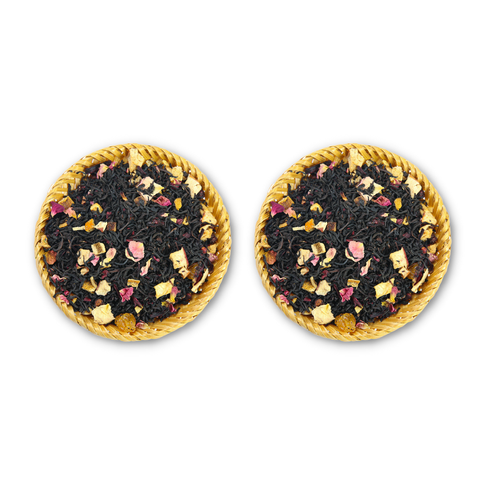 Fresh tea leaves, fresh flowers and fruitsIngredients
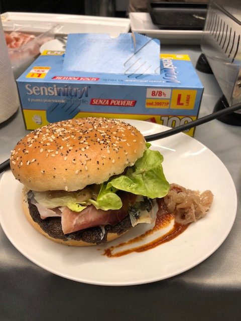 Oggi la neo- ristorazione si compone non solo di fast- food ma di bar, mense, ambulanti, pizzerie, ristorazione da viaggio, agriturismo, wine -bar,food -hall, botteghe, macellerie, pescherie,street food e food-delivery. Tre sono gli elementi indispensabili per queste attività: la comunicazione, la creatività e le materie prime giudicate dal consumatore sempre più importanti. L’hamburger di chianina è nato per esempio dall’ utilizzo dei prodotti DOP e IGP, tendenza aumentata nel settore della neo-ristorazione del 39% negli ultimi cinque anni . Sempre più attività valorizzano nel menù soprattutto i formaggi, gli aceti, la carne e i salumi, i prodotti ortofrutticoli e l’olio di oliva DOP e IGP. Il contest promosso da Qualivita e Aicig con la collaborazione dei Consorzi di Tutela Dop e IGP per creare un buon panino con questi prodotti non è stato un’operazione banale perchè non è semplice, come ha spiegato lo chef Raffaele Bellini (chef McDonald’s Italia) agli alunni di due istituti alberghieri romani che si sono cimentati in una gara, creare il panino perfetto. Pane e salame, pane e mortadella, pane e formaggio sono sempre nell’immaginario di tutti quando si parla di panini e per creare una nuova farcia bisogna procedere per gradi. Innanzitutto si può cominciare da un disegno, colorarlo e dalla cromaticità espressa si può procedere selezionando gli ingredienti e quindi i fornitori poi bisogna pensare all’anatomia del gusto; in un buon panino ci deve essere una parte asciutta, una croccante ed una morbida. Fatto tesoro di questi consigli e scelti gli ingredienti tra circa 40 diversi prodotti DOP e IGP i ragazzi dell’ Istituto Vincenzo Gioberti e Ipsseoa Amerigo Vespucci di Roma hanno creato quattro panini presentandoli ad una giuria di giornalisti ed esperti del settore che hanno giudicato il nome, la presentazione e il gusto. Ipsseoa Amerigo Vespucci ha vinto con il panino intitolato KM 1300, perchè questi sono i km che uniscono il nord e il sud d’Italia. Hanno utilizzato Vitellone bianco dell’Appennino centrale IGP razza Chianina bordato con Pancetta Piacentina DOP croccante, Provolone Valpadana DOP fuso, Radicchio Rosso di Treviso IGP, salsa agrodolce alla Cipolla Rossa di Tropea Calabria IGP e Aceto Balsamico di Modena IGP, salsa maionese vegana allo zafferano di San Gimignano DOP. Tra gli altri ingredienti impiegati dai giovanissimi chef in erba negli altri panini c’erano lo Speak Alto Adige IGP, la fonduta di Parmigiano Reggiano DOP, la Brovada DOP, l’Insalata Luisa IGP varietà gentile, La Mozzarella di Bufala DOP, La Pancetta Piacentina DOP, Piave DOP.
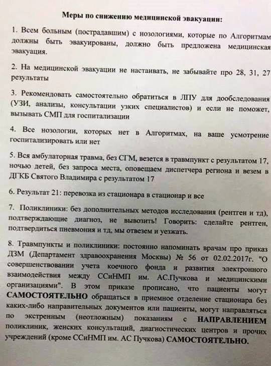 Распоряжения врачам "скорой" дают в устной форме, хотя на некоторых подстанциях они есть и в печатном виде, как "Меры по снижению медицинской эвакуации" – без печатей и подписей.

## Task to complete
Every line of the material above must be written out exactly, with no pictures.

## Response area
 Fresh tea leaves, fresh flowers and fruitsIngredients
 Oggi la neo- ristorazione si compone non solo di fast- food ma di bar, mense, ambulanti, pizzerie, ristorazione da viaggio, agriturismo, wine -bar,food -hall, botteghe, macellerie, pescherie,street food e food-delivery. Tre sono gli elementi indispensabili per queste attività: la comunicazione, la creatività e le materie prime giudicate dal consumatore sempre più importanti. L’hamburger di chianina è nato per esempio dall’ utilizzo dei prodotti DOP e IGP, tendenza aumentata nel settore della neo-ristorazione del 39% negli ultimi cinque anni . Sempre più attività valorizzano nel menù soprattutto i formaggi, gli aceti, la carne e i salumi, i prodotti ortofrutticoli e l’olio di oliva DOP e IGP. Il contest promosso da Qualivita e Aicig con la collaborazione dei Consorzi di Tutela Dop e IGP per creare un buon panino con questi prodotti non è stato un’operazione banale perchè non è semplice, come ha spiegato lo chef Raffaele Bellini (chef McDonald’s Italia) agli alunni di due istituti alberghieri romani che si sono cimentati in una gara, creare il panino perfetto. Pane e salame, pane e mortadella, pane e formaggio sono sempre nell’immaginario di tutti quando si parla di panini e per creare una nuova farcia bisogna procedere per gradi. Innanzitutto si può cominciare da un disegno, colorarlo e dalla cromaticità espressa si può procedere selezionando gli ingredienti e quindi i fornitori poi bisogna pensare all’anatomia del gusto; in un buon panino ci deve essere una parte asciutta, una croccante ed una morbida. Fatto tesoro di questi consigli e scelti gli ingredienti tra circa 40 diversi prodotti DOP e IGP i ragazzi dell’ Istituto Vincenzo Gioberti e Ipsseoa Amerigo Vespucci di Roma hanno creato quattro panini presentandoli ad una giuria di giornalisti ed esperti del settore che hanno giudicato il nome, la presentazione e il gusto. Ipsseoa Amerigo Vespucci ha vinto con il panino intitolato KM 1300, perchè questi sono i km che uniscono il nord e il sud d’Italia. Hanno utilizzato Vitellone bianco dell’Appennino centrale IGP razza Chianina bordato con Pancetta Piacentina DOP croccante, Provolone Valpadana DOP fuso, Radicchio Rosso di Treviso IGP, salsa agrodolce alla Cipolla Rossa di Tropea Calabria IGP e Aceto Balsamico di Modena IGP, salsa maionese vegana allo zafferano di San Gimignano DOP. Tra gli altri ingredienti impiegati dai giovanissimi chef in erba negli altri panini c’erano lo Speak Alto Adige IGP, la fonduta di Parmigiano Reggiano DOP, la Brovada DOP, l’Insalata Luisa IGP varietà gentile, La Mozzarella di Bufala DOP, La Pancetta Piacentina DOP, Piave DOP.
 Распоряжения врачам "скорой" дают в устной форме, хотя на некоторых подстанциях они есть и в печатном виде, как "Меры по снижению медицинской эвакуации" – без печатей и подписей.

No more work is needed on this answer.